With much agony and finally, with the input of my good friend and a superb poet, Gary Lilley. He reordered my manuscript and cut out about a dozen of my darlings. Great editor, that Gary. Also, one of my mentors was Joseph Millar who is genius. WWJD? “What would Joe do?” That’s how I make decisions. I need a bracelet.

The book, taken in its entirety, reads almost like memoir. There is a natural arc and progression of time, all pushing central themes of adversity, loss and fierce family love. Your father comes up often. Why is that?

The book is ultimately about redemption and compassion, how we adjust to loss and change. My relationship with him embodied this. My father was a complex, difficult, and violent man. He had deep wounds. The more I wrote about him, the more I understood him. In this way, poetry has been very healing. It fostered compassion as I explored family history, his WWII experience, and the stories and pain that were such a big part of how he was in the world.

The poem “My Grandmother Comes to Ellis Island: 1923,” which is your imagining of your grandmother’s first perceptions upon arrival in America, is one of my favorites. It’s heartbreaking and timely. She emigrated to America and left her baby behind, never to see him again—the kind of family fracturing that is a painful feature of the immigrant experience. What was the initial spark for this poem?

I’m interested in family fracturing and healing, especially when the healing takes more than one generation. I’m interested in how we carry trauma in our DNA, how we carry the stories of those who have gone before us literally in our bodies. In that way, we are all immigrants, slaves or refugees (unless we are Native American) as nearly every immigrant/slave/refugee carries trauma. I worry as a country we are losing our compassion, that we are losing sight of that. I’ve been researching my extended family and trying to write about each ancestor. My next book will have more of these stories.

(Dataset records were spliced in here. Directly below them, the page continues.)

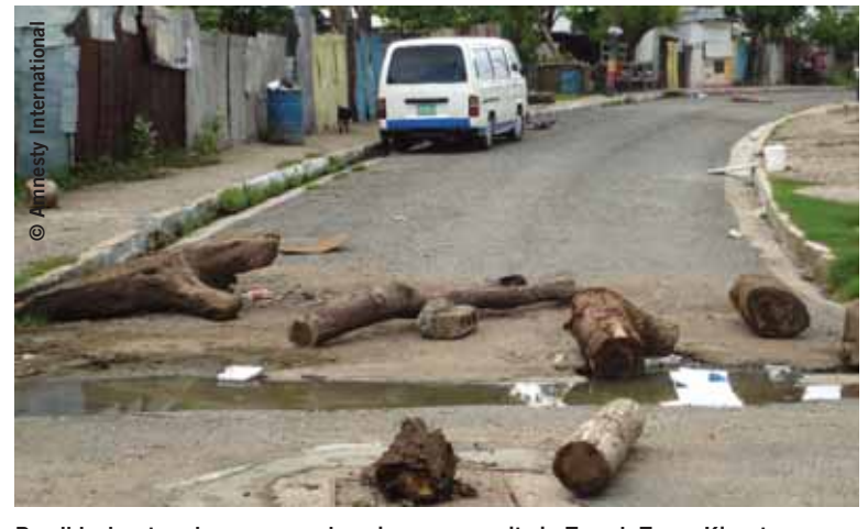
Roadblock set up by gang members in a community in Trench Town, Kingston, 14 October 2007.
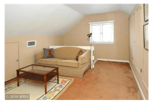
Bedroom #4 Sitting Area
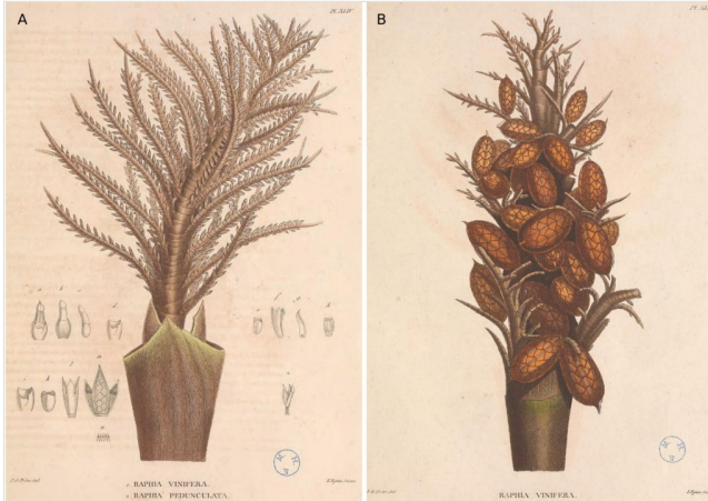
Figure 1. doi

illustration of the fruits (Fig. 1B) are certainly from a different species than the inflorescences. In their description of R. vinifera (page 437), Mann and Wendland (1864) cited a specimen collected by Mann s.n. from the “Banks of the Old Calabar” as being R. vinifera . We were not able to locate this particular specimen (neither in K nor GOET).
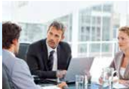
Consulting, project management and engineering
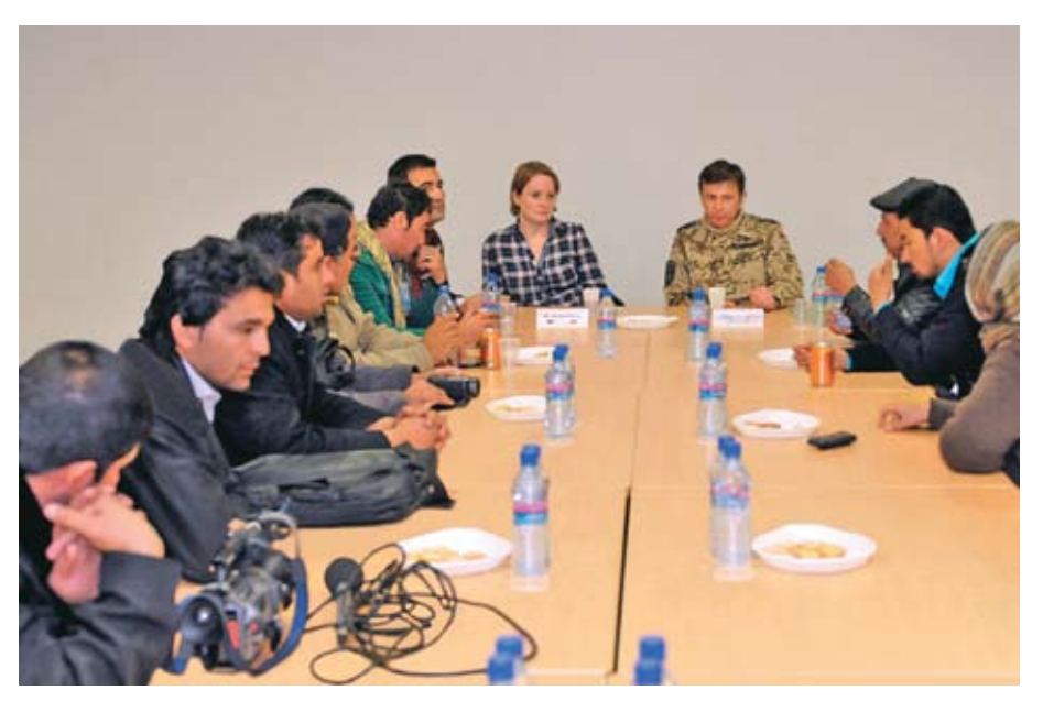
ISAF hosts a discussion on professional matters: western military forces are often held by local journalists to be lacking in transparency.

of a suicide bomber who was taking steps to detonate an IED (improvised explosive device) that posed a lethal threat to numerous soldiers in the immediate area. He shot the individual with his M-4 (rifle), killing him". The ISAF inquiry though, exonerated its armed personnel from any suspicion of wrongdoing. All ISAF staff had complied with the laws of armed conflict and rules of engagement and acted reasonably under the circumstances, it concluded.
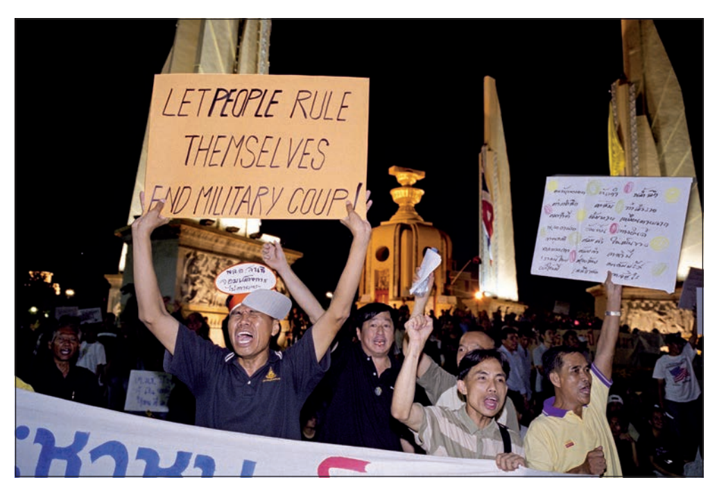
Anti-coup protesters at Democracy Monument, 10 December 2006.

Former Minister under the Thaksin government and deputy leader of the Thai Rak Thai Party Sudarat Keyuraphan is in tears and talks to Thai Rak Thai party supporters after the dissolution of the Party at the Party's headquarters, 30 May 2007.
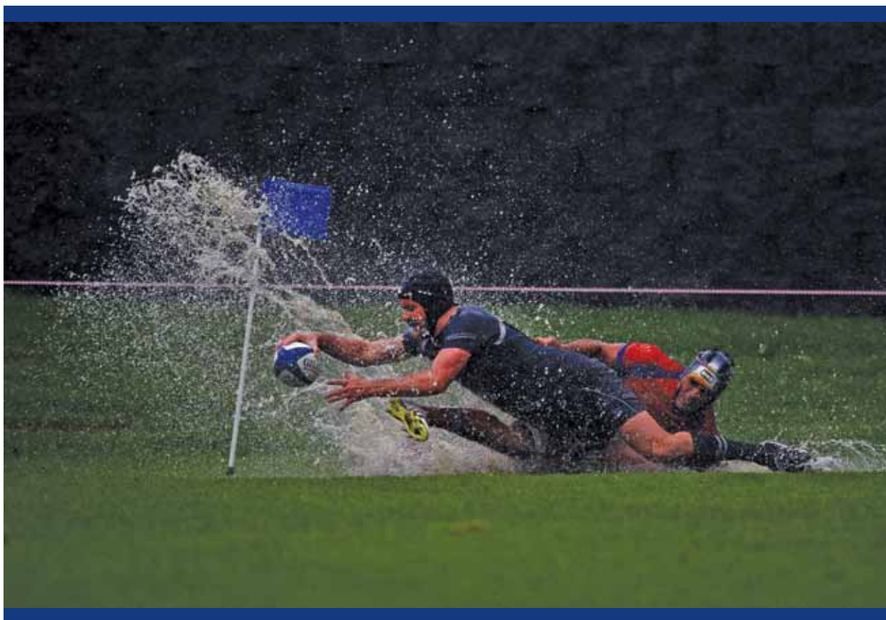
College Rifles score a remarkable try in the wet against Suburbs.

The Amateur Support Agreement between the clubs and ARU is, at the time of writing, under review. If there are any changes to the current agreement there will be full consultation with the clubs and whatever is agreed, will be reflected in the revised document. This document is anticipated to be distributed to clubs in mid December 2013. Compliance with this document is necessary to ensure and maintain a functional and uniform relationship between the clubs and the ARU.
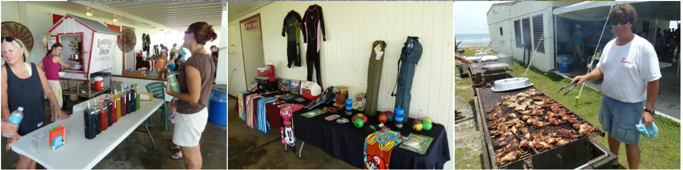
Splash-for-Trash
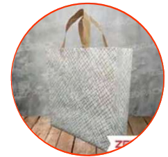
Non Woven Box Type Bag

In “Adherence: A Cycle of Sonnets,” you find inspiration in green grime at the bottom of the Mineral School toilets. That’s an unusual place to get inspired! Where else in an old school do you find inspiration?

Anything that catches my eye! I definitely write from a position of discovery: I don’t know what I will write about until I write it. Of that sonnet series, each sonnet took an entire day. I started with the last line of the previous sonnet. I hoped for a crown, but am happy with the four. I did not know I would explore spiritual struggle with the patriarchal paradigm until I was nearly done.

I collect words wherever I can if my writing is flat. I write every day but sometimes I just make word lists. I go to bookstores and look at titles. I love to just wander and see what image draws me, what words draw me. Sometimes I see a word I have to look up. Or a word and I like the taste of that word on my tongue. Those words often show up in my poems later.

What are you working on now and what should we be watching out for next?

I’m working on a translation of an Eastern European WWII poet who was a POW and wrote poems in his own blood. I will write poems in response, a poetic conversation across time and space, a project I’ve written a Fulbright application for and am waiting to hear back. I hope this will be my next book. I’ve started a social purpose organization, Fishplate Poetry that offers workshops and retreats while raising money for humanitarian aid, specifically Syrian refugees, which has been a blast. I may go to northern Iraq in Spring and teach a poetry workshop as well as parenting communication at a camp for survivors of the Yezidi genocide. I’m also working on starting a reading series on Bainbridge Island. That’s all. I’m a bit of an evangelist for poetry.

That’s Michele below with her residency-mates. From left to right: Olympia-based photographer Lou MacMillan, Michele,  Putsata, and Seattle artist and poet Clare Johnson.